Tesla Motors shares poised for a rally, Morgan Stanley analyst says

Tesla Model S sedans move down the assembly line at Tesla's electric car factory in Fremont, Calif.
Tesla Model S sedans move down the assembly line at Tesla’s electric car factory in Fremont, Calif.
(Jerry Hirsch)

Although shares of Tesla Motors have plunged nearly 25% since their high in September, investors should not despair; the stock will bounce higher heading into spring, according to a report from Morgan Stanley Research analyst Adam Jonas.

“We expect a pivot in news flow and outlook for Tesla on several fundamental fronts, triggering a recovery in the share price,” Jonas said.

The Palo Alto maker of high-end electric cars was at $217 in midday trading. That is down from a high of more than $286 a share in early September. Jonas told investors that the price should “reclaim $250 by spring.”

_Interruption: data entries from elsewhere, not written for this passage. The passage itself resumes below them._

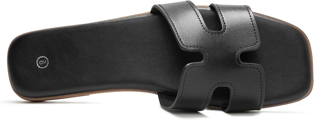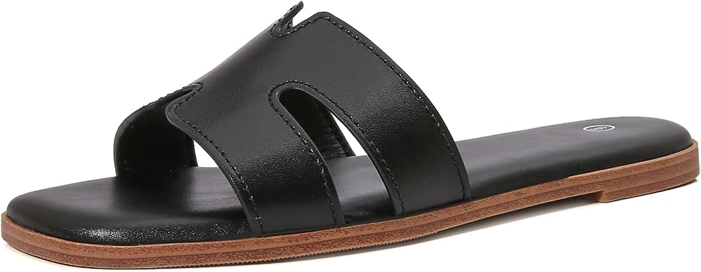 Women's Slide Sandals Comfortable Flat Slip On Leather Sandals
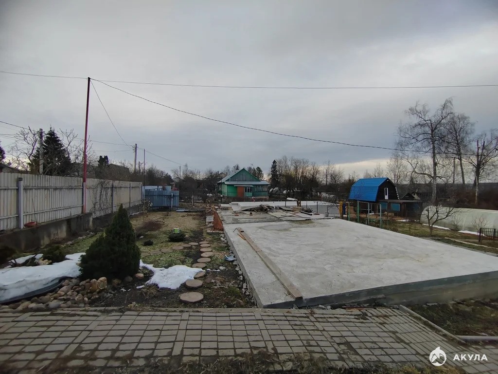 В самом центре развитого жилого посёлка, - ухоженный участок с садовыми деревьями. Есть новый монолитный фундамент (600 мм.) на 100 м2 (по полу) для возведения дома (200-300 м2), коммуникации: - электроэнергия: 15 кВт, вода - центральная поселковая, участок газифицирован.
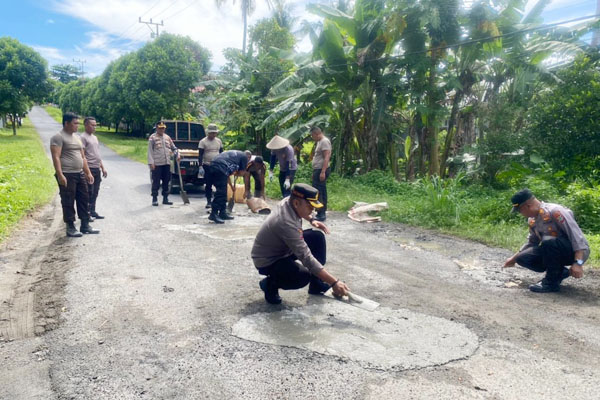Kegiatan penambalan jalan berlubang ini diinisiasi oleh Kasat Binmas Polres Kepulauan Talaud AKP Jacobus Melale melalui salah satu program kreatif.
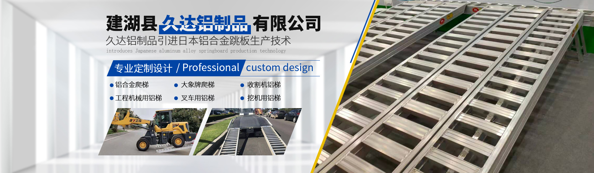 建湖縣久達鋁制品有限公司引進日本鋁合金跳板生產技術,專業生產高強度鋁合金跳板,廣泛應用于聯合收割機、拖拉機、插秧機、挖掘機等機械。 我公司于2012年引進日本全鋁合金跳板生產技術。經過四年的學習、探索、生產、銷售,現已全面消化吸收鋁合金跳板技術、總結出一套成熟的生產、使用、售后服務經驗;為提高產品質量,加大設備投入,購買歐洲進口的鋁合金焊接設備和切割設備,保證產品的焊接強度和精度;結合中國收割機作業量大、作業條件復雜、中國收割機更重等特點,生產出更適合中國國情的高強度鋁合金跳板,承載力更強,抗疲勞效果更好,使用周期更長,同等使用條件下是市場上仿制產品使用壽命的1.5倍以上。大象牌鋁梯成為中國鋁梯行業馳名品牌。
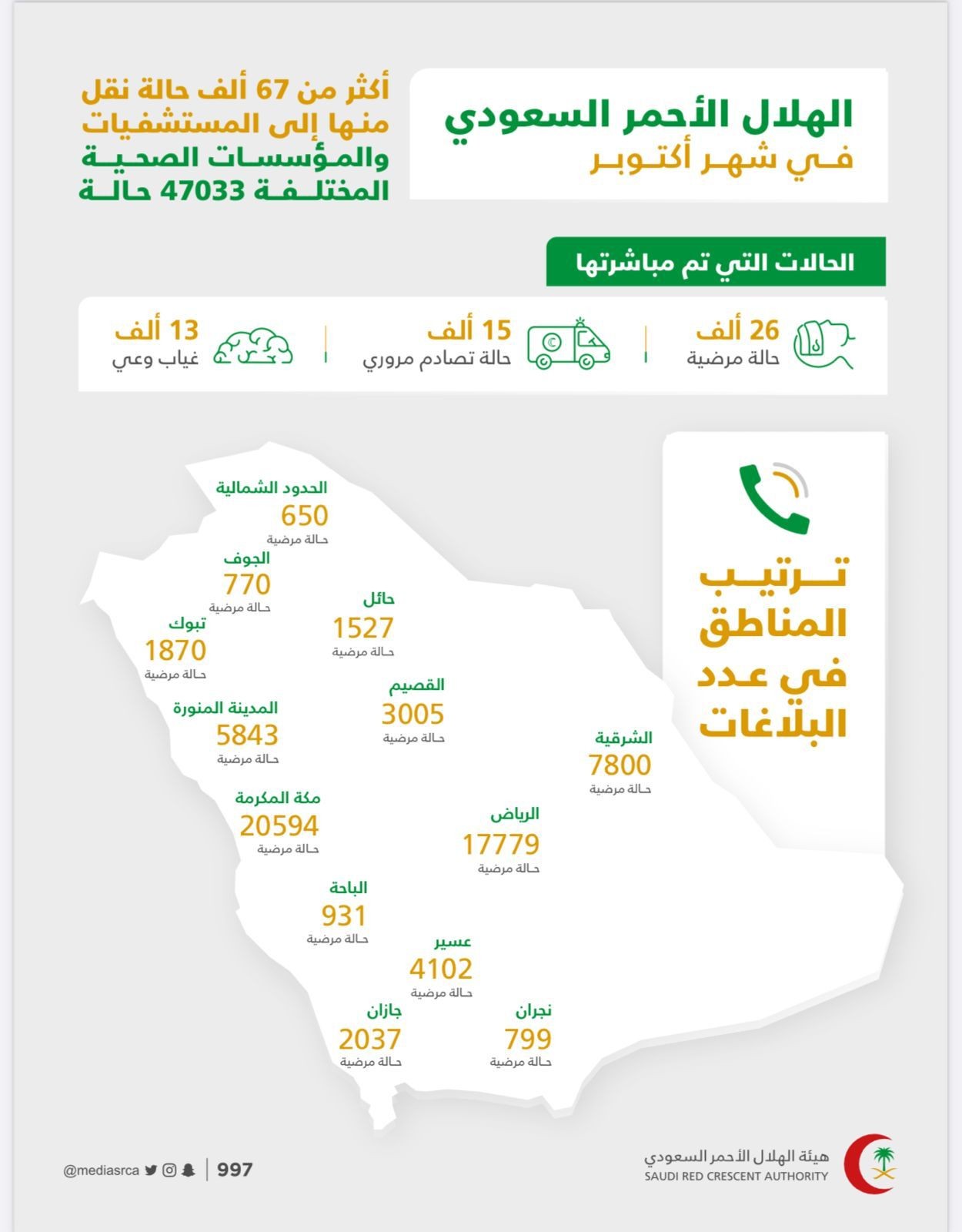 باشرت هيئة الهلال الأحمر السعودي أكثر من 67 ألف حالة خلال شهر أكتوبر 2022م، نقلت منها الى المستشفيات والمؤسسات الصحية المختلفة 47033 حالة.

He said a strong U.S. dollar and low oil prices “have teamed up against” Tesla. While that’s created some healthy skepticism about the prospects for the company, the share price decline also provides “classic opportunity to increase exposure to what we see as the world’s most important auto company.”


Jonas said look for the following factors to power a Tesla rally.

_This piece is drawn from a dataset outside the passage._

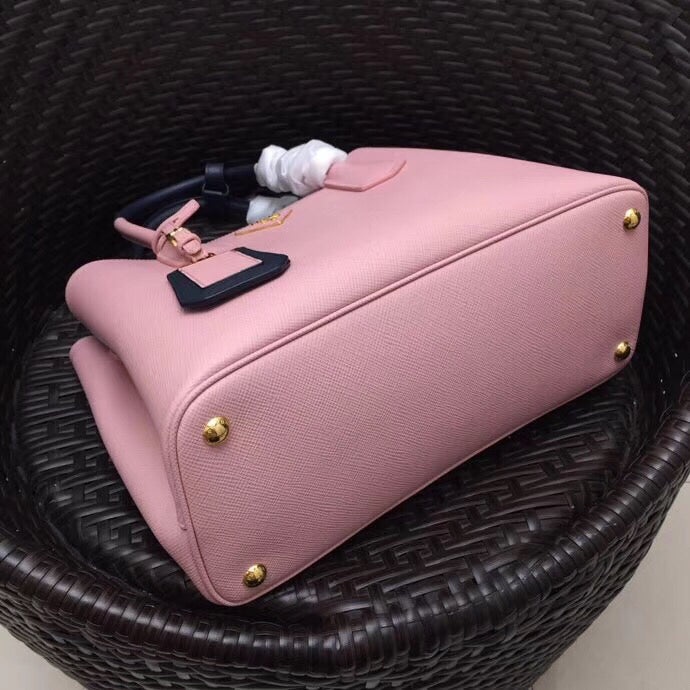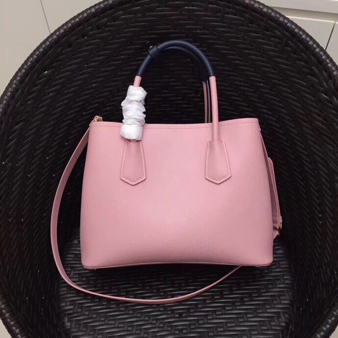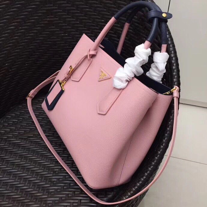 - Saffiano leather with two-tone handles and name tag - Double leather handle - Detachable adjustable leather shoulder strap - Steel hardware - Metal lettering logo on leather triangle - Snap closure on sides - One inside flap pocket - Nappa leather lining
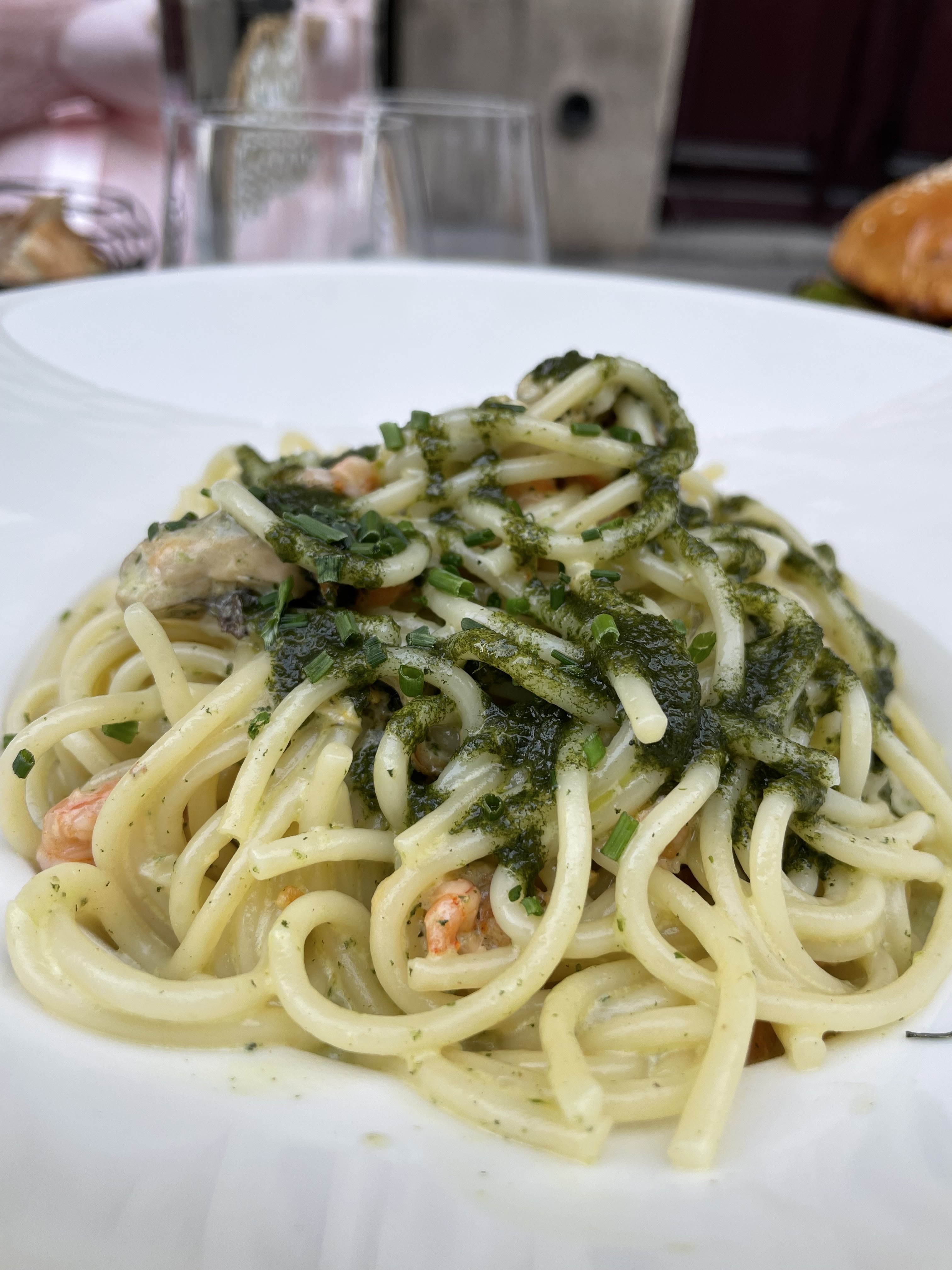 Personnel sympathique. Bonne nourriture. Super endroit pour s'asseoir dehors. Endroit relaxant et parfait pour regarder les gens. J'ai pris le steak tartare avec un verre de vin rouge

1: Watch for global sales to pick up. While there have been some questions about demand for Tesla’s Model S in recent months, sparked in part by a sales hiccup in China, Jonas believes buyers covet the company’s electric cars more than ever. That’s in part because Tesla is starting to broaden its offerings -- it will add the Model X crossover to the lineup later this year and already has upgraded the Model S with the dual-motor version called the P85D that can make the 0-to-60-mph run in 3.2 seconds.

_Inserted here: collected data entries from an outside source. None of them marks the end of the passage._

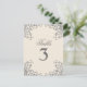 Kort för elegant, krämt beige bord med högdagrar för söt silver. Det här elfenbensbeige bröllop bord-kortet är enkelt att anpassa för din händelse genom att helt enkelt välja orangen "Anpassa det!" för att börja lägga till din händelseinformation, typsnitt stil, typsnitt storlek & färg och text. Observera att alla kort- och inbjudningssymboler som du hittar på Zazzle är tryckta bilder utan egentliga juveler, bogar, upphöjda, präglade eller tillagda delar eller delar.
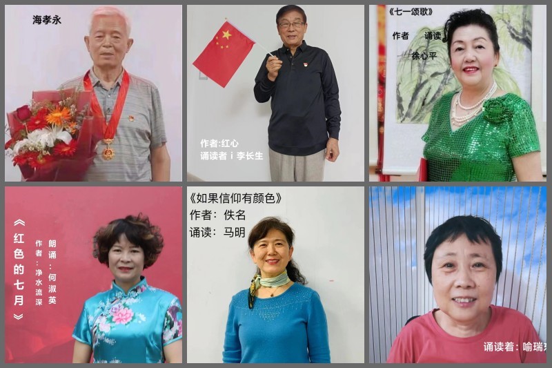 “七一”前夕,为热烈庆祝中国共产党成立101周年,喜迎党的二十大胜利召开,由离退休党总支主办,老年朗诵协会承办的“喜迎二十大 七一颂党恩”主题网络诵读活动如期举行,老年朗诵协会会长孙阿娣、王芳策划组织。
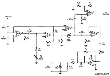 The figure shows the circuit diagram for an operational-amplifier VLF receiver. The circuit in the figure uses a virtual-inductor front end. A virtual inductor is a circuit that acts like an inductor, but isn't. Operational amplifiers AIA and AIB form a gyrator circuit. The inductance of this circuit is the product of the components shown between A1A and A1B [C3× 3300 × (R2 \+ R3)]. Capacitor C2 resonates with the virtual inductance produced by the gyrator circuit to tune the desired frequency. For the values of C2, CB, R2, and R3 shown, the circuit will tune from about 15 kHz to more than 30 kHz. Resistor R3 is the tuning control. It is a potentiometer, and should be either a multiturn knob via a vernier-reduction drive. The receiver front-end amplifier consists of amplifier A1C, which has a maximum gain of ×101 [i.e., (R7/R6)+1]. The output of A1C is an RF signal with a frequency equal to that tuned by the gyrator and C2. This signal is coupled to the RE output stage (A2A) through capacitor C5. The RF output stage shown here is a noninverting operational amplifier circuit with a gain of x2.The dc output circuit consists of a precise rectifier (A2B). The precise rectifier works like a regular rectifier, but does not have the low-voltage knee between 0 and 0.6 V (for silicon) or 0 and 0.2 V (for germanium). The pulsating dc from the precise rectifier is filtered and smoothed to straight dc, at a value proportional to the signal strength, by an RC integrator consisting of R12 and C7. The buffer amplifier (A1D) is used to isolate the precise rectifier from the RE output amplifier. (View)

A Model S with enhanced performance will “help both volume and transaction price,” Jonas said. “The cars are getting better... and more fun.”

China, however, remains a problem.

“We forecast China to account for just 6% of Tesla’s total deliveries in 2015 and 10% in 2016,” he said.

2. Tesla is making progress on battery production well ahead of its construction of a massive battery factory near Reno.

“While the ability to mass produce [battery] cells with full automation in Nevada may not be possible before 2017, we anticipate Tesla to be in position to share some results of the prototyping of the design well ahead of that,” Jonas said.

He believes Tesla will eventually produce batteries that will be used by the automobile, solar and electric grid industries.


3. Although the vehicle has been delayed several times, the Model X looks to be on track to go on sale in the third quarter of this year, Jonas said.

With its Falcon wind doors that rise up rather than out, the Model X “attributes and early consumer/enthusiast reception will represent a significant shift in the perception of the addressable market for Tesla products -- not unlike what Porsche experienced when it brought the Cayenne to market,” Jonas said.

He said he believes Tesla shares will climb back to $280.

“At a time when we are growing increasingly cautious on the U.S. auto cycle, we see Tesla as a way for investors to gain idiosyncratic exposure to secular and technological trends in the auto industry -- car connectivity, autonomous driving, high performance,” Jonas said.